Andy McDonald is one of the few surviving senior Labour figures in the Tees Valley. He tells Chris Lloyd how the party can rebuild after the Tory tsunami swept through

MONDAY may not be the foot-to-the-floor, tyre-screeching acceleration away from Covid-19 that Boris Johnson’s roadmap had once suggested, but as we slowly leave the pandemic behind, we will come to a political crossroads.

That’s the view of the most senior Labour figure left in the Tees Valley following the outbreak of Toryism that has proved so contagious in the last two years that MPs, the metro mayor and local councils have turned the area almost entirely blue.

The Northern Echo: James Walsh

“Look at all the seats we’ve lost,” says Andy McDonald, the Middlesbrough MP and shadow cabinet Employment spokesman, surveying the political wreckage. “There’s just me and Alex Cunningham in Stockton North sitting there as two red dots, and we’ve got to think about how we recover the ground.”

He believes that as the country pulls away from the pandemic, people will begin to look to a new direction.

“There’s a moment now where we are coming out of this pandemic and we are genuinely reaching a fork in the road,” he says. “Are we going to revert to the short termism, quarterly returns, exploitative practices of the past, or are we going to embrace the desire for a new deal for working people and have an economic structure that provides that equality, fairness, security and opportunity for our people?

“There’s a real sense that people worked so hard during the pandemic but they haven’t been regarded or protected in the right way.”

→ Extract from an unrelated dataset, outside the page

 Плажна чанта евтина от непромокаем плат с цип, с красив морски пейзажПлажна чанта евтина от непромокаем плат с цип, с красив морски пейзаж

Instances from the one per cent pay offer for nurses to the “fire and re-hire” policies of big companies show him that Labour has to, once again, get alongside working people.

“We have to earn the right to represent people, to fight for the issues that matter to them,” he says. “We’ve got to convince them that we are on their side and will make the lives of themselves and their families considerably better. They didn’t see that in us.”

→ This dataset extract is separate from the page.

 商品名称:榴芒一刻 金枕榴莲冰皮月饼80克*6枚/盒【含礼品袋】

Under Jeremy Corbyn’s leadership, people didn’t see Labour as standing up for the country.

“I reject the cry that we are not patriotic,” he says. “Dedication to the wants and needs of the British people is our raison d’etre, and you can’t get more patriotic than that, but the background is Brexit.

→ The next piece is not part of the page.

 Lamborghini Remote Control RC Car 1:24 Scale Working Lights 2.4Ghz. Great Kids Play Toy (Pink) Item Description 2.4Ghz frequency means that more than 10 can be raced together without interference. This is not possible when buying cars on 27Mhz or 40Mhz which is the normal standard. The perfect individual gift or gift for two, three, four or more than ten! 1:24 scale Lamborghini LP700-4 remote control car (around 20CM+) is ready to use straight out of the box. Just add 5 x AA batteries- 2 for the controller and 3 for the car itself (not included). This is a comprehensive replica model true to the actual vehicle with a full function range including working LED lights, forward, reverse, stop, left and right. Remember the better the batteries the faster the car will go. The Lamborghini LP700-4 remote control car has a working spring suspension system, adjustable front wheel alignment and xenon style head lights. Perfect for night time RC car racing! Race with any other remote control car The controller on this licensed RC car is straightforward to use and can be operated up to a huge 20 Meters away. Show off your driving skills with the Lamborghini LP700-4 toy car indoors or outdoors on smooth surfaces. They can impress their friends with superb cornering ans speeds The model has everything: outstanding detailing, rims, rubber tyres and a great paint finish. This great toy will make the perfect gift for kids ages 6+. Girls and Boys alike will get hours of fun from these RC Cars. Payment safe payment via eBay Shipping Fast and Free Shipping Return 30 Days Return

“As far as the world is concerned, the Labour Party did not have a clear and convincing position. We were trying to navigate a course through a no-deal Brexit, which would have been catastrophic, and I think that communicated as being unclear opposite the Tories’ clarity of ‘getting Brexit done’.”

But, as the fork in the road looms, he sees an opportunity for Labour with the creation of the freeport on Teesside, which the Conservatives hail as one of the first big benefits of Brexit.

“The freeport offer is a whole series of corporate welfare incentives on an industrial scale without any corresponding benefit for the working people, who have got to be there and to be able to bargain to get the best outcome for themselves,” he says. “When I hear of the sovereign wealth fund of Abu Dhabi wanting to come to Teesport, then I worry, because they will not recognise the ability of working people to negotiate and bargain, they won’t recognise trade unions.”

Although the huge industrial employers of the past, in which the Labour movement was rooted, have gone, Mr McDonald, who was a solicitor before he became Middlesbrough MP in 2012, sees Labour regrouping and reorganising through unions, in the public sector, in local communities and across social media, and so reconnecting to its core values and voters.

“We have to engage in an intelligent and thoughtful way in our communities and workplaces because we have been founding wanting over the last four general elections,” he says. “That northern collectivism is rooted in our industrial and manufacturing past and our present and it has not gone away.

“It is where we come from. It defines us.”

And, naturally, he believes Keir Starmer – who this weekend is starting a summer-long relaunch – is the man to lead that grassroots reconnection, in the way that the England football team got the nation on side.

“Look at the way Gareth Southgate has conducted himself,” he says. “He’s a man of great honesty integrity and decency. Keir is not a comic or an acrobat or a fool. He is serious, he’s decent honest, a man of integrity and principle, and I think that that will eventually win out,

“Boris Johnson is ebullient, he’s effusive and he’s very persuasive, but unfortunately 90pc of what he says happens to be untrue, like his wonderful enthusiasm about freedom day or terminus day – but the truth is we are going to live with Covid for a long time.

“He’s been given an awful lot of licence because everybody wants us to succeed through this pandemic, but when we come out of it, that will not sustain him because what he’s offering is not sustainable, it will not transform lives, it will not level up after the levelling down of the last 11 years, and that will become evident over the next few years.”

And that’s when the country will reach its post-pandemic political crossroads – but will Labour be ready to effect a change in direction?